Without guarantees of law and order, the coalition of more than 180
civil-society institutions has said it will not support elections. The coalition
has demanded authorities prosecute criminals, protect civil liberties, free
political prisoners, allow peaceful demonstrations and guarantee freedom of the
press.
“We fought for democracy,” said school principal Jean Lavaud Frederick, head
of an educators’ union. “The government we put in place is the obstacle.
“We are saying no to arbitrary war, no to misery, no to poverty, no to
disappearances, no to summary executions.”
Student leader Herv Santilus said Aristide “wants to establish another
dictatorship.”
“With Lavalas in power, Haiti cannot move forward,” he said. “We are shaking
the tree so he will fall out.
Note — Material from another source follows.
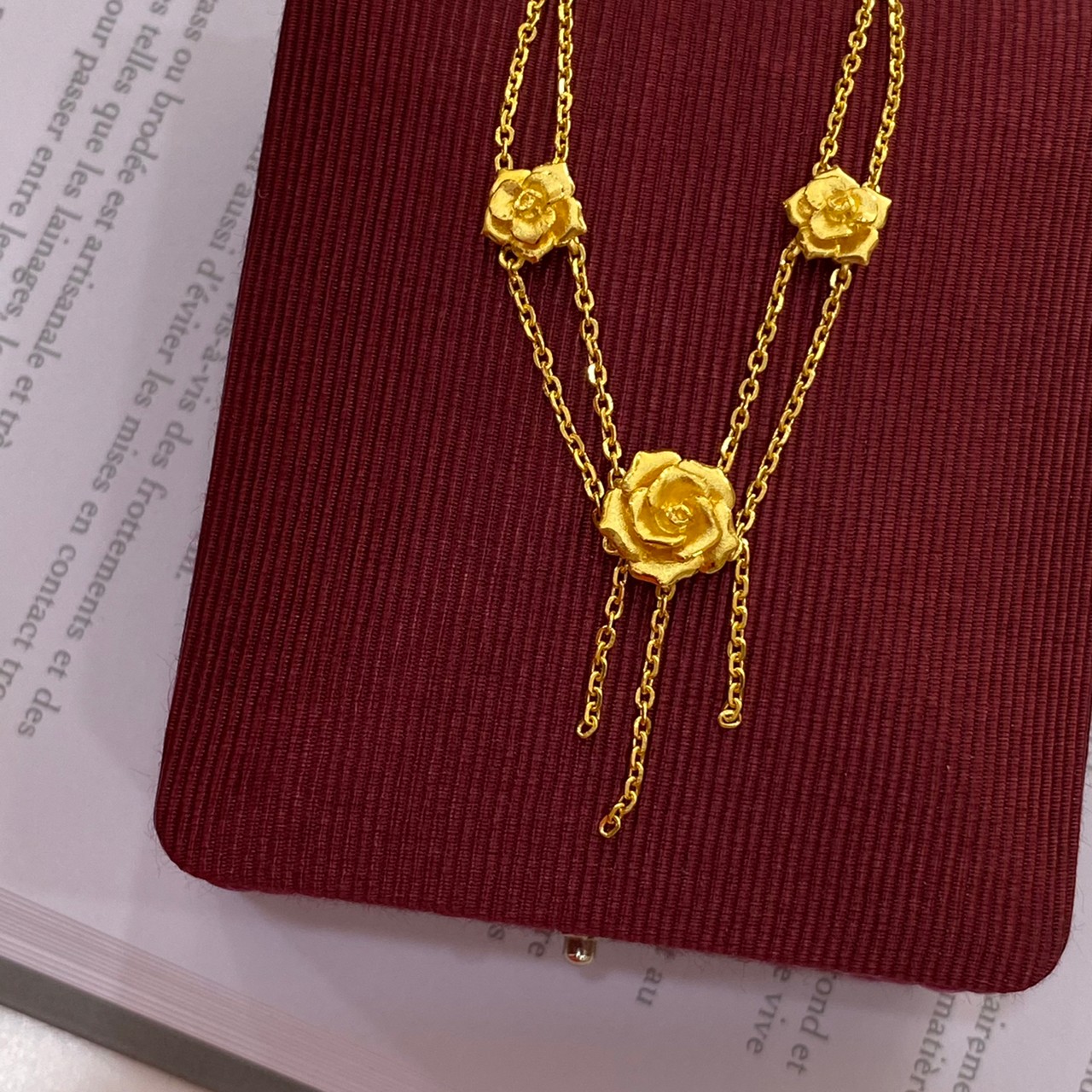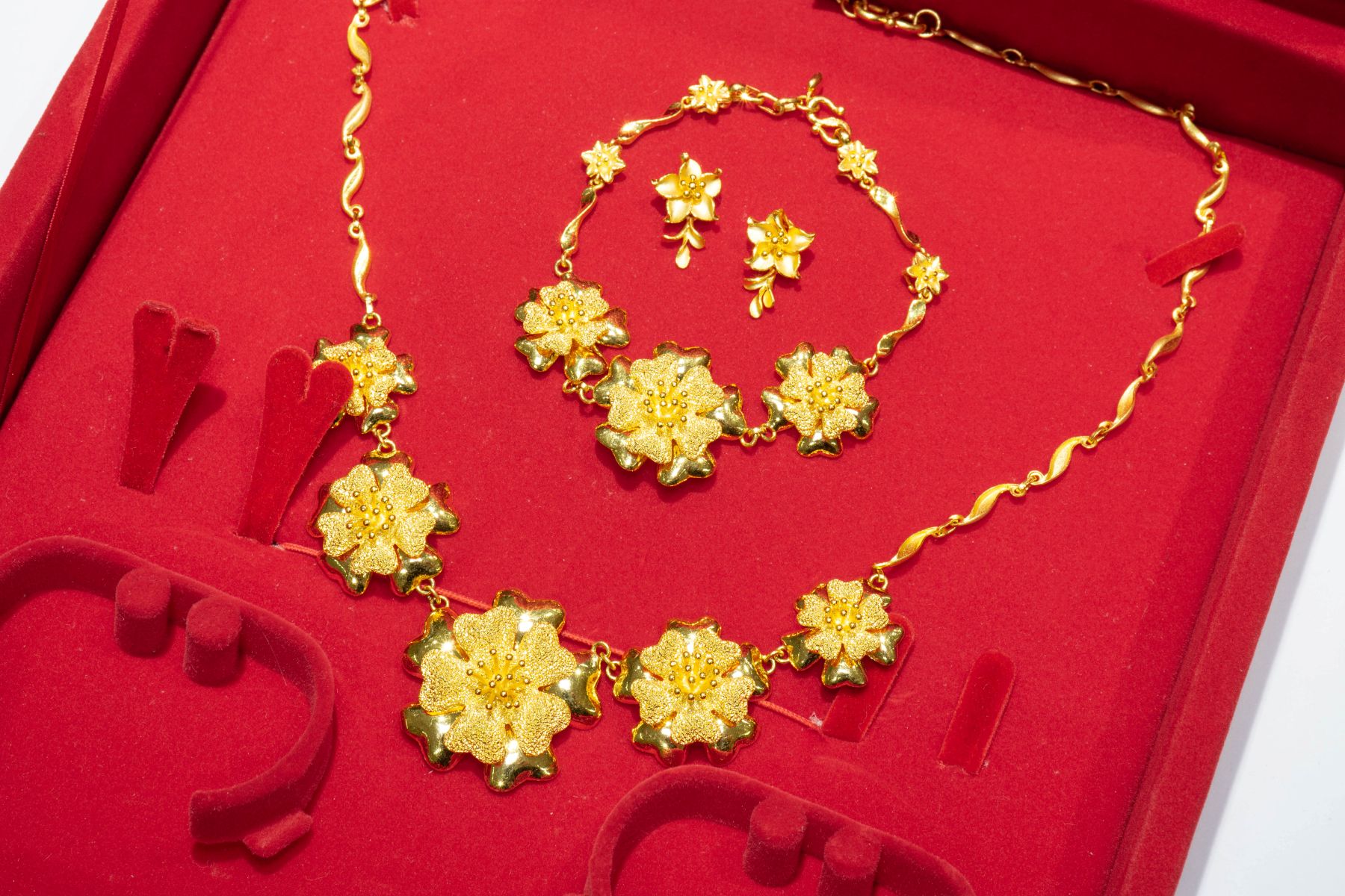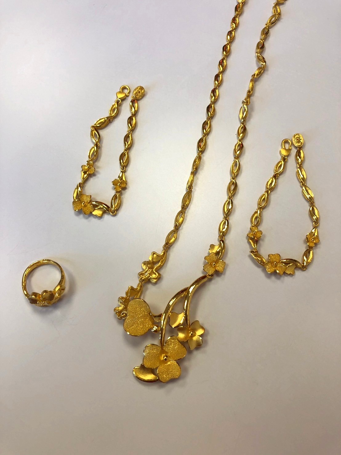 結婚飾金中的項鍊常以華麗的花朵做設計,亮眼的造型搭配新娘禮服非常美麗,但也因為過於繁複的造型,平常很不適合做配戴,因此許多客人都會將用不到的結婚飾金換現金喔!
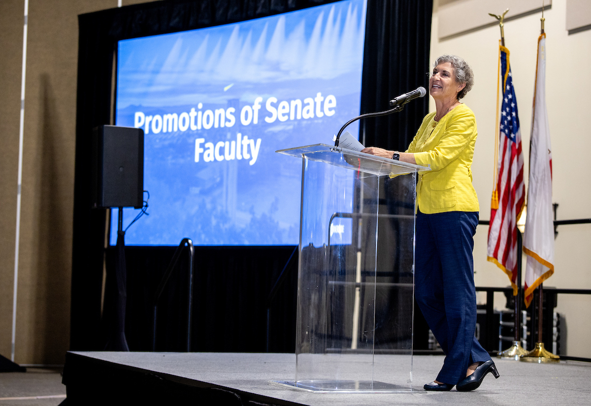 Elizabeth Watkins, UCR’s provost and executive vice chancellor, congratulated faculty members on their advancements. As provost, she reviews all merit and promotion files.

We need to get rid of this venomous demon.”
Duvalier seeks return
Ominously, conditions here have led some to grow nostalgic for the Duvaliers.
Tens of thousands were killed and hundreds of millions of dollars stolen during
the 29-year reign of President-for-Life Franois “Papa Doc” Duvalier and his son
Jean-Claude, known as “Baby Doc.”
Jean-Claude Duvalier, exiled in 1986, has said he wants to return.
“There is chaos in Haiti,” he said from his Paris home in December. “There
are no available means to govern the country.”
Ely Merisier said he was “full of hope” when Jean-Claude Duvalier fell, and
again when Aristide came to power.
“Now neither Aristide, nor the opposition, nor the international community
can save us,” the wedding photographer said. “Only God.”